ElectricDoodie said:


> Which is why I specifically used the word calorie, and not amount.
> 
> 
> 
> ...


 
Then again, the only reason we know that Pete finished his food is because he said so in a video. The EpicMealTime people might have finished something before.


----------



## cityzach (Jul 22, 2011)

that is just gross.


----------



## ElectricDoodie (Jul 22, 2011)

Innocence said:


> Then again, the only reason we know that Pete finished his food is because he said so in a video. The EpicMealTime people might have finished something before.


 
Are you kidding? He has multiple videos of him winning different competitions. You can literally watch it.


----------



## Stefan (Jul 22, 2011)

Innocence said:


> the only reason we know that Pete finished his food is *because he said so* in a video.


 
Are you, like, blind? And if you couldn't see it for yourself in the uncut videos and if you didn't trust the other people in them, what about his results in official eating competitions?


----------



## Bapao (Jul 22, 2011)

Man, I'm hungry...


----------



## BC1997 (Jul 22, 2011)

Diabetes in a jar.


----------



## qqwref (Jul 22, 2011)

Akuma said:


> Compared to the ammounts of calories EpicMealTime cooks and eats, that guy is pathetic.


Yeah, except that Epic Meal Time doesn't actually eat their stuff. They just video themselves eating a few bites of it for comedic effect. It's much, much more impressive to make a 10 kcal meal and then eat all of it on camera.



Akuma said:


> Eating a whole jar of Nutella requires no effort what so ever.


Is that so? Try to do it yourself.



b4p4076 said:


> I wonder if he pukes everything back out after he's done.

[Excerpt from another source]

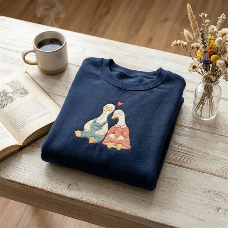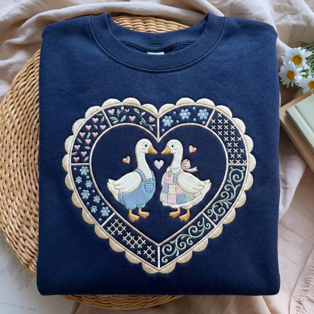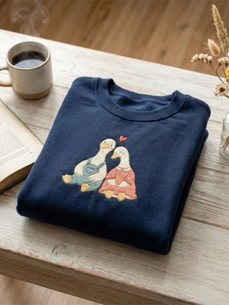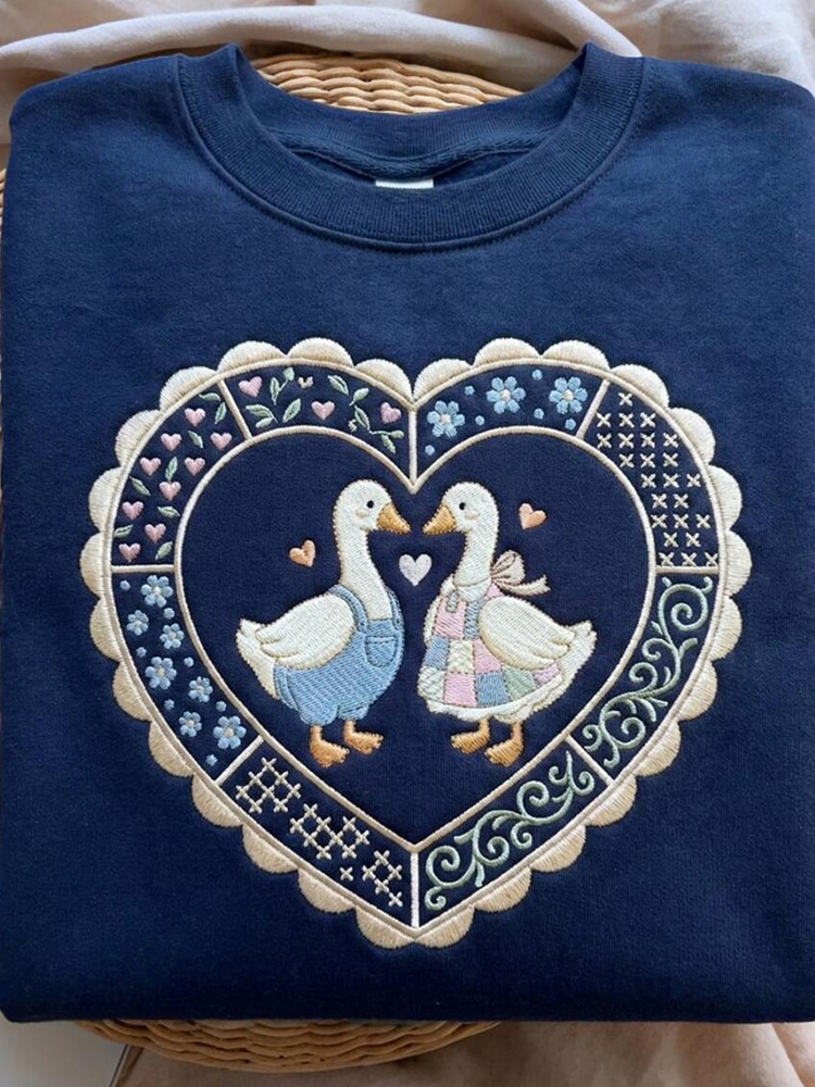 Embroidered Vintage Couples Goose Sweatshirt

He says he doesn't, unless he feels really sick after eating something.


----------



## n00bcub3r (Jul 22, 2011)

i feel rly sorry for his dentist lol


----------



## Innocence (Aug 3, 2011)

Stefan said:


> Are you, like, blind? And if you couldn't see it for yourself in the uncut videos and if you didn't trust the other people in them, what about his results in official eating competitions?


 
Sorry I didn't follow this up earlier (well, it's not like I lurk every thread that I make a post in) but that's irrelevant to my point. I'm just saying that it's possible that someone on EpicMealTime may have finished something that they made.


----------



## ElectricDoodie (Aug 3, 2011)

Innocence said:


> I'm just saying that it's possible that someone on EpicMealTime may have finished something that they made.


 No. That's not what you're "just saying." You specifically said that there is no other way to believe FuriousPete, other than his own videos of him saying it. Which you are wrong about, because there is plenty of evidence of it.




Innocence said:


> Then again, the only reason we know that Pete finished his food is because he said so in a video.


----------